West Midlands Combined Authority (WMCA) today (February 17) approved plans to help cope with the anticipated congestion caused by a series of major road, rail and infrastructure projects.
The combined authority’s transport arm, Transport for West Midlands (TfWM), has worked jointly with the Police & Crime Commissioner and business leaders in drawing up the regional resilience strategy, which was presented to the WMCA board by Cllr Roger Lawrence, lead member for transport.
Cllr Lawrence said a co-ordinated, strategic approach was the only way to create viable resilience plans to tackle the impact of major construction projects like HS2, and motorway improvement works.
“All partners have worked very hard to gather evidence and come up with actual solutions to this issue, which is a continuing challenge for our region’s movement and economic activity,” he said.
“Projects are planned by Highways England, Network Rail and a number of local authorities, all of which are likely to cause short term and long term disruption for commuters and businesses.
“We know we still have a great deal of work to do but we are now at a point where we agree what our priorities are and how to meet them together.”
Police & Crime Commissioner David Jamieson said: “I welcome this work to reduce congestion and ensure our roads keep flowing.

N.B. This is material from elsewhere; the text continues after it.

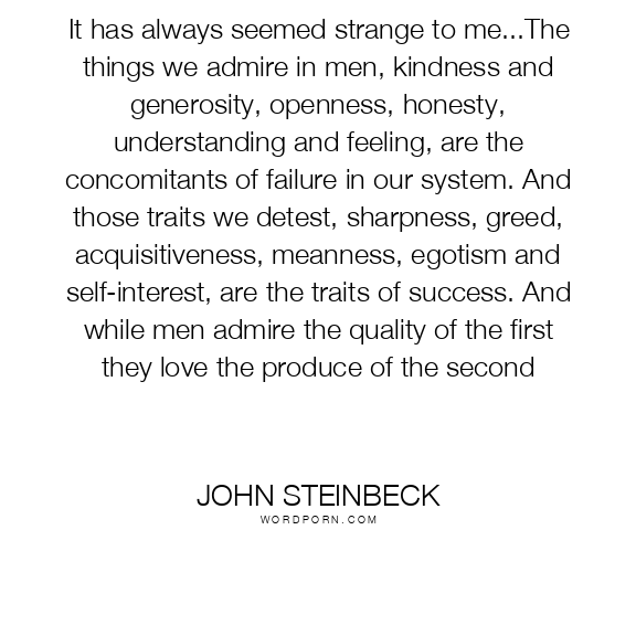 It has always seemed strange to me...The things we admire in men, kindness and generosity, openness, honesty, understanding and feeling, are the concomitants of failure in our system. And those traits we detest, sharpness, greed, acquisitiveness, meanness, egotism and self-interest, are the traits of success. And while men admire the quality of the first they love the produce of the second

“It is crucial for the region’s economy and ultimately for jobs and growth that people and goods can get to where they need to be quickly and efficiently.
“HS2 is going to bring great benefits to the region, but it is also important that its construction does not bring us to a standstill. These plans will help to make sure we have the necessary resilience in the network to guard against that.”
Paul Faulkner, Greater Birmingham Chamber of Commerce chief executive, said: “The recently formed TfWM is tasked with playing an integral part in implementing the combined authority’s vision of a fully integrated and first rate public transport system.
“As a Chamber we have enjoyed working closely with TfWM managing director Laura Shoaf and her senior management team to inform the business community on the key role TfWM is playing in improving regional transport networks and creating economic growth.
“We have seen significant improvements to transport infrastructure across the West Midlands with further investment planned in the next decade.
“Our region is poised to maximise the benefits that will arise from this additional funding as it will give businesses the chance to access new markets and realise their rich potential.
“However, we have to be mindful of the potential congestion issues which will arise as a result of the different projects.
“At the heart of TfWM’s Network Resilience Programme is a specific and clear focus on managing demand, increasing capacity and improving efficiency, all constructive and sensible measures which will go towards alleviating these problems and keep the Midlands moving.
"We need to keep in mind the long term benefits which will arise from this work and unlock the region’s full economic capacity.
“We look forward to working with partners to engage businesses with this agenda."
The report sets out the scale of the challenge in securing a resilient and robust transport network during major infrastructure work across the West Midlands and recommends how to help the system cope with planned change and incidents.
These include major maintenance works at the M5 Oldbury Viaduct, HS2 Phase 1, Network Rail’s upgrades around Birmingham, WMCA’s own investment in HS2 Connectivity, Metro and local transport, essential maintenance and utilities works and major development in Birmingham city centre and other locations such as Cannock.
It identifies immediate priorities including forming a multi-agency Network Resilience Partnership and Governance Structure, led by TfWM, and a West Midlands Regional Integrated Command Centre.